Il problema degli insegnanti è dentro alle scuole, non fuori

Antonio Gurrado

Mentre si parla ancora di come dovrebbero comportasi i professori quando non sono all'interno delle aule, quelli dietro alle cattedre continuano a subire violenze e pestaggi da genitori e alunni 

Di là dall’evenienza non trascurabile che si tratti di una maestra elementare a tempo indeterminato o di una supplente occasionale alle medie, il ruttino di Matteo Salvini su Ilaria Salis si fonda sul sottinteso che un insegnante sia insegnante anche fuori dalla scuola. Presupposto invero discutibile, che ammanta gli insegnanti di un ruolo sacerdotale ma che finisce per svilirli: non solo come cittadini, che dovrebbero essere liberi di fare ciò che preferiscono quando non lavorano, fermo restando il comune rispetto della legge, ma anche come professionisti, implicando che non lavorino per ricevere uno stipendio bensì perché investiti di un compito sovrannaturale ventiquattr’ore su ventiquattro, un compito metafisico che non esige retribuzione commisurata al vincolo costante.
 

È in base a questo presupposto che era stata condannata, anni fa, l’insegnante anarchica di Torino che inveiva contro le scuole dell’ordine; è in base allo stesso presupposto che, in questi giorni, gli insegnanti di un liceo milanese sono fisicamente usciti a far lezione in strada per andare incontro agli studenti che non stanno occupando l’istituto. Anche senza i toni beceri di Salvini, tutti sembrano d’accordo in linea di principio.
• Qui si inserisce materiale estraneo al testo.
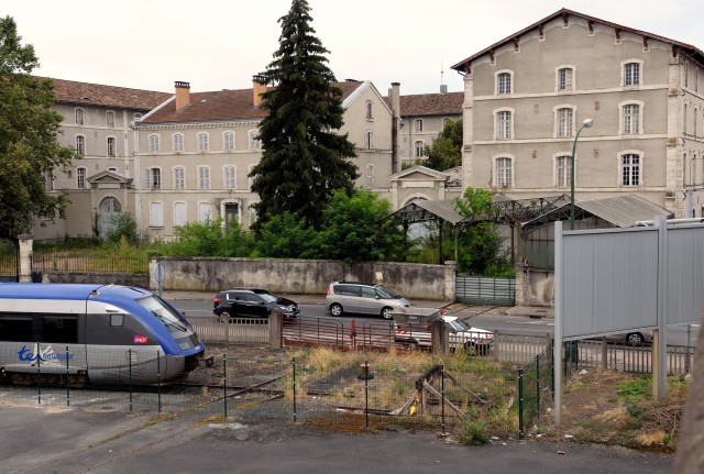 | Commentaire photo - Les wagons étaient engagés sur la voie transversale au moyen d'une plaque tournante, toujours en place vers la gauche. A l'opposé, après avoir traversé l'avenue du Maréchal Juin, l'embranchement pénétrait dans les emprises de la Seita, dont les bâtiments administratifs, bien représentifs du XIXème siècle, sont voués à une prochaine démolition. Cachées, les structures industrielles ont déjà été abattues. | |

Fatto sta che, proprio contemporaneamente, arriva la notizia del preside di Taranto insultato e malmenato, insieme alla vicepreside e a una docente, da genitori imbufaliti per le solite beghe che hanno causato infiniti casi simili negli ultimi anni. Ma siamo troppo impegnati a tutelare il ruolo degli insegnanti fuori dalla scuola per potercene occupare anche dentro.